Problem details: Only an exact repeat of the listing, without its images, counts as the answer.

Exercise material:
--- START ---

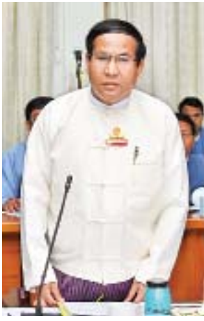
ဒုတိယဝန်ကြီး ဦးတင်မြင့်
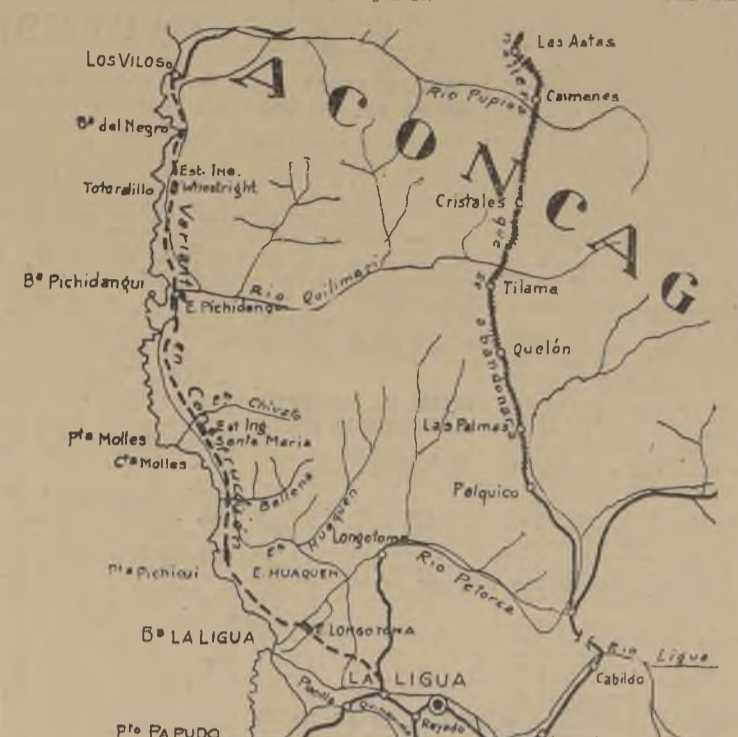
Mapa de la región y trazado de la variante Longotoma-Los Vilos
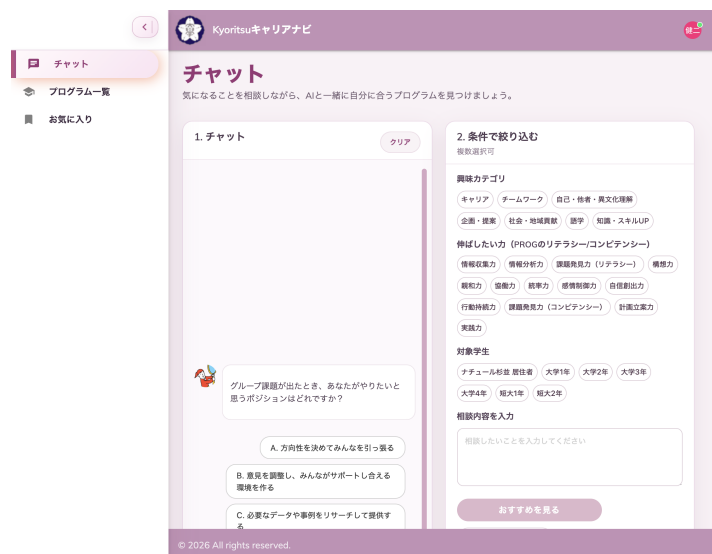
▲ 図 3-1 チャット画面 (全体)

ログイン直後に表示されるのがチャット画面 (/student/chat) です。左側のサイドバーから「チャット」を選択しても表示できます。
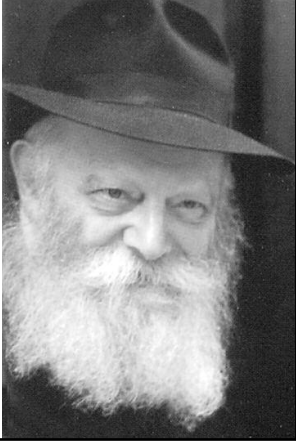
de las palabras del Rebe de Lubavitch
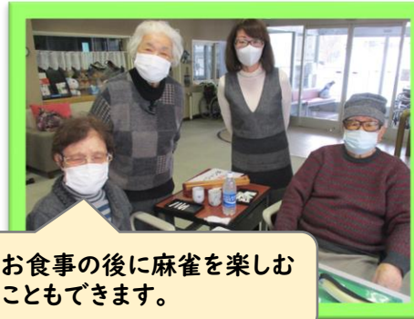
お食事の後に麻雀を楽しむ こともできます。
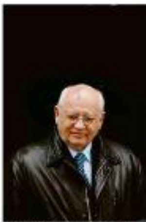
Mikhail Gorbachev, ex-líder da União Soviética

Logo após a abertura do mercado de telefonia, houve um crescimento significativo na cobertura e na qualidade do serviço. A telefonia móvel, em particular, tornou-se uma ferramenta essencial para a população brasileira.
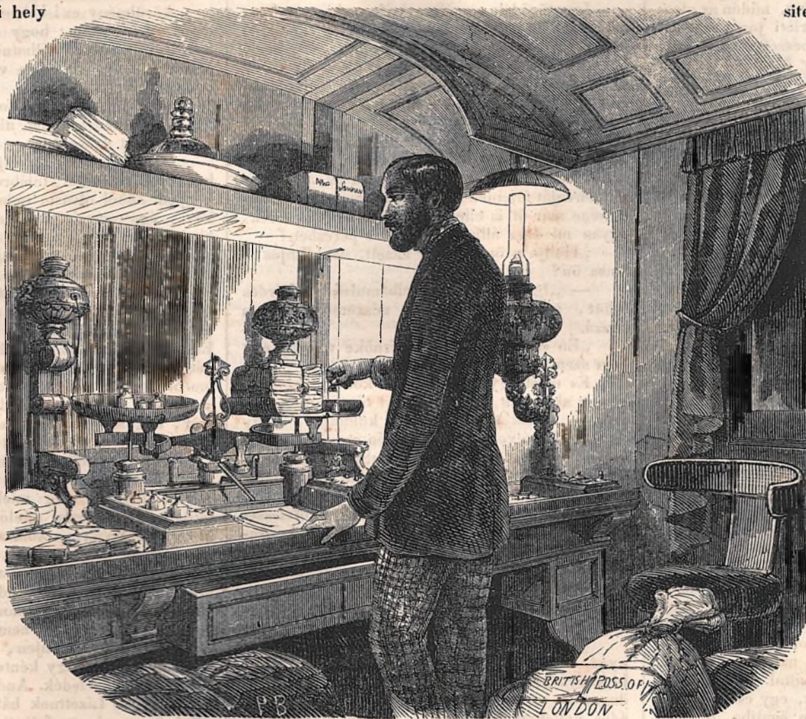
Az angol levelezés mérlegezése.

--- END ---

Exercise solution:
ဒုတိယဝန်ကြီး ဦးတင်မြင့်
Mapa de la región y trazado de la variante Longotoma-Los Vilos
▲ 図 3-1 チャット画面 (全体)

ログイン直後に表示されるのがチャット画面 (/student/chat) です。左側のサイドバーから「チャット」を選択しても表示できます。
de las palabras del Rebe de Lubavitch
お食事の後に麻雀を楽しむ こともできます。
Mikhail Gorbachev, ex-líder da União Soviética

Logo após a abertura do mercado de telefonia, houve um crescimento significativo na cobertura e na qualidade do serviço. A telefonia móvel, em particular, tornou-se uma ferramenta essencial para a população brasileira.
Az angol levelezés mérlegezése.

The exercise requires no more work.